Duas semanas após a divulgação do vídeo em que Jaqueline Roriz (PMN) é flagrada recebendo dinheiro de Durval Barbosa, os ânimos na Câmara dos Deputados se inverteram. A temperatura que começou branda no caso agora virou brasa quente, que em pouco tempo pode queimar a carreira política da deputada federal de primeiro mandato. Quando as imagens vieram a público, os deputados não demonstravam interesse em transformar o flagrante da parlamentar do DF em um caso de repercussão no Congresso. Escoravam-se no fato de o malfeito ter ocorrido no passado, quando ela ainda não havia sido eleita. Pressionado com as fortes declarações do procurador-geral da República, Roberto Gurgel, que considerou as cenas “fortíssimas”, e pela própria opinião
pública, o Conselho de Ética da Casa se viu forçado a dar uma resposta. E rápida. As circunstâncias atuais apontam para uma possível cassação.Os deputados sabem que investigar as denúncias contra Jaqueline é abrir um perigoso precedente com potencial para expor mais parlamentares. O caso dela é parecido com o de políticos envolvidos no esquema do mensalão do PT, poupados em 2007 por uma interpretação jurídica feita sob medida para a crise na época: a de que o Congresso não tem legitimidade para apurar atos cometidos por parlamentares antes do mandato em curso. As cenas de Jaqueline ao lado do marido, Manoel Neto, pegando dinheiro das mãos do delator da Caixa de Pandora enfraqueceram os argumentos criados para dar sobrevida aos mensaleiros. Os deputados mudaram o discurso. Admitem não só investigar Jaqueline — o processo começou a tramitar na quarta-feira no Conselho de Ética —, como já incorporam discurso bem mais duro. “O sentimento da Casa é o de dar uma resposta à sociedade, mas respeitando o direito de defesa da deputada”, disse o corregedor da Câmara, Eduardo da Fonte (PP-PE).

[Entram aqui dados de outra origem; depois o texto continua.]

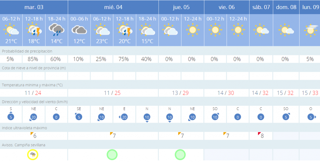 La previsión meteorológica de la semana publicada por la Aemet también muestra que el miércoles de Feria en Sevilla también se espera lluvia, especialmente entre las 12:00 y las 18:00 horas. En esa franja horaria, la probabilidad de lluvia en la provincia de Sevilla es del 75%, mientras que en las horas anteriores a esta franja es de 25% y después de 40%.

A confissão de Jaqueline de que o dinheiro do vídeo é caixa dois de campanha serviu como combustível para o episódio. Era uma estratégia dos advogados para aliviar as complicações jurídicas que a deputada enfrentará. O problema é que a tática produziu o efeito colateral de aumentar o desgaste político para ela. Os colegas de Câmara se apegam a dois pontos para justificar a mudança de postura. Um deles, a própria declaração de culpa da deputada. O outro, que a situação de Jaqueline seria diferente da dos mensaleiros de 2007.
Indulto
Um dos argumentos usados pelo ex-deputado José Eduardo Cardozo, atual ministro da Justiça, quando indicou falta de competência da Câmara para processar deputados acusados de malfeitorias antes da legislatura em curso, é o de que os fatos eram de notório conhecimento público. Se os políticos, mesmo sob suspeição foram reconduzidos para a Câmara, significa que tinham sido absolvidos pelo próprio eleitor, ganhando uma espécie de indulto. No caso de Jaqueline, essa justificativa não se sustenta. O vídeo dela é de 2006, mas só agora veio a público. “Essa denúncia ficou debaixo do tapete. Se essa história tivesse vindo à tona antes da eleição, qual seria o comportamento dos eleitores?”, questiona o presidente do Conselho de Ética, José Carlos Araújo (PDT-BA).
Para Ricardo Izar (PV-SP), também integrante do Conselho, as provas da videoteca de Durval são graves. “Sinto que a vontade dos conselheiros é a de fazer a apuração correta, em cima dos fatos. Não acredito em pena alternativa. Ela será liberada pela brecha de o fato ter ocorrido antes do mandato ou será punida com a cassação.” Outro conselheiro, que prefere preservar a identidade para não indicar pré-julgamento, diz que o caso de Jaqueline será um marco da atual legislatura. “As cenas são determinantes, o tempo não apaga nenhuma imagem. O caso dela é típico de cassação.” Integrante do Conselho de Ética por indicação do PSC, Sérgio Brito acha que “apesar de haver jurisprudência contrária dentro da própria Câmara, os deputados devem levar o caso da deputada adiante”.